Her muscles twitch and something bunches in a contortion and then--

Something sharp gleams in its meaty paws and--

Pain shatters against her skin.

There is a startling realization that whatever is oozing from her skin is red, red, _red,_ and then she sobs, trying to get the thing to _stop--please--please stop!_

The last thing she sees is the glint of something metal and the aching, searing pain that echoes across the chasm of her mind.


	2. Chapter Two

**Notes for the Chapter:**

> Here's another update??? idk i just got in the groove for this story and I had to. Hope you enjoy :) Thanks to all who're reading this, I guess??????? I hope I don't disappoint.

Her awakening doesn’t jolt her out of her unconsciousness.

It is slow and dull and pulsing. A slow, burning awareness that makes her mind flutter and arch, wondering and wondering and wondering. Her consciousness is different now, and she feels alien inside of her own body.

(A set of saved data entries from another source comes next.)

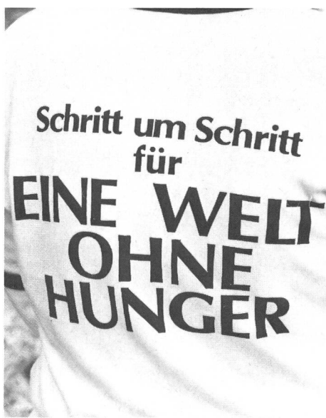
Peu importe la langue...

Lancé de Genève par l'ancien champion de ski Jean-Claude Killy, le relais passera par Lausanne, Fribourg, Berne, Bâle, puis il traversera la France, fera un saut de puce vers Londres avant de s'envoler vers New York. Là, il sera repris par des coureurs dont le dernier arrivera à Los Angeles au début du mois d'août, en plein Jeux olympiques. «Le temps est venu d'agir», proclament les coureurs du Monde, «le temps est venu de créer et de permettre aux autres de vivre.» ■
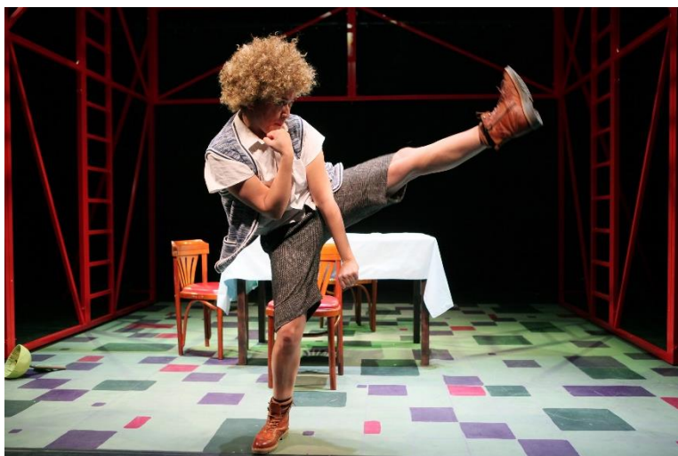
EET JE BORD LEEG
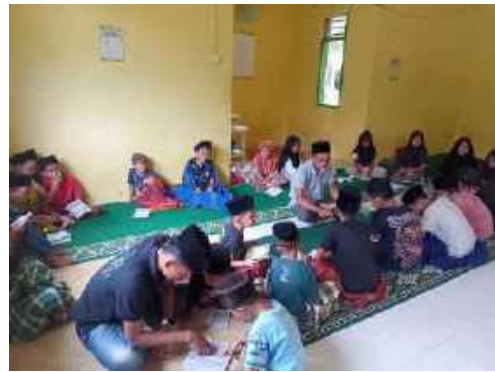
Anak mengaji bersama di surau
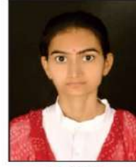
KAVITA 214081-010001 MASA-F
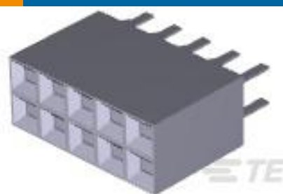
TE 产品编号 146762-2 10 MODII VRT DR CE 100/115
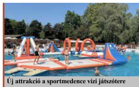
Új attrakció a sportmedence vízi játszótéren

Nagykanizsán született 1978-ban. A Pannon Egyetem közgazdász-turizmus-vendéglátás szakán végzett 2009-ben, majd a Szent István Egyetemen szerzett fürdővezető szakmérnöki diplomát. 1998-ban Zalakaroson kezdett el dolgozni különböző területeken, majd Bükön és Lentiben. 2022. június 1-jétől a Zalakarosi Fürdő Zrt. vezérigazgatója. Nős, két fiúgyermek édesapja.
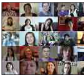
« Je suis lesbienne » Montréal

« Je suis lesbienne », voilà ce qu'affirment les vingt-deux montréalaises de ce documentaire. Derrière cette phrase, des vécus, des expériences, des regards diversifiés et singuliers sont livrés en toute liberté. La parole est au centre de ce film, elle le constitue. Elle donne à entendre des voix méconnues, ignorées et souvent trop peu écoutées. Cette parole est ici témoignage, mais avant tout, prise de pouvoir.
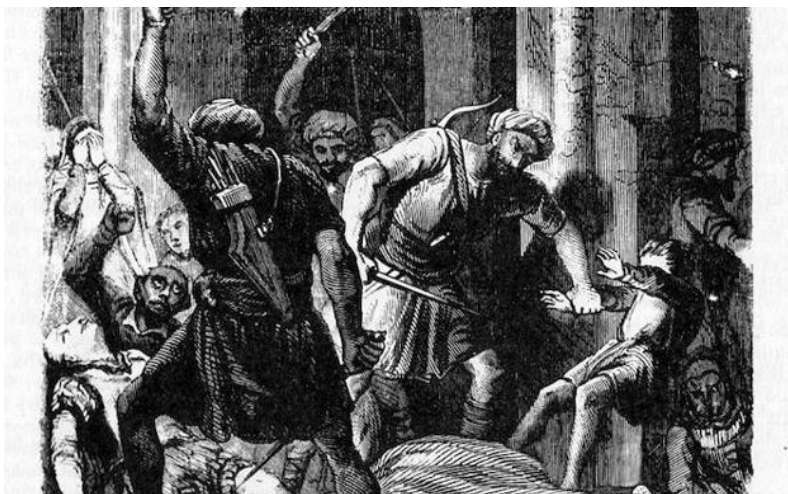
Degüello de cristianos en Cadiar, según un grabado de la novela 'Los Morfies de las Alpujarras' (1859), de Manuel Fernández y González.
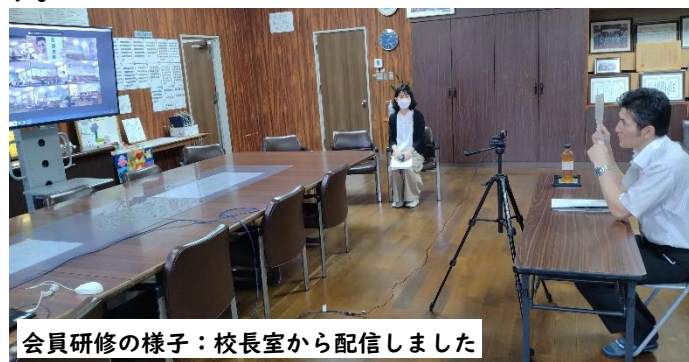
会員研修の様子：校長室から配信しました

子供たちが安心安全に夏休みを過ごせるよう、学校でも各地区から出された課題の解決に努めていきます。各地区でも見守りをよろしく願います。
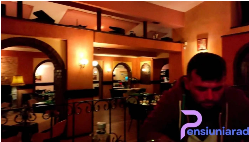
Casa sattler videoclipuri

_(Her fingers are not her fingers, her toes are not her toes, this skin is not her skin—)_

There is something different about her now, and the awareness brings loss.

There is a sharp, searing pain behind her eyes and there is the familiar, alien beat that hums underneath her skin. She feels papery, broken; as if someone has taken the very soul from her body and put it right back into her, changed and irreparable.

As if her heart is going to beat right out of her chest, taking the hum and the heat and the blood right with it.

The first thing she notices is that everything is wet.

_Wet. Is this what the Blue should feel like?_

Her fingers twitch, enjoying the way the cool slick feels against her skin; how it soothes and soothes and soothes until she feels replenished and her skin doesn’t feel so papery anymore and creases at the edges of the wet.

The next thing she notices is that everything is gray.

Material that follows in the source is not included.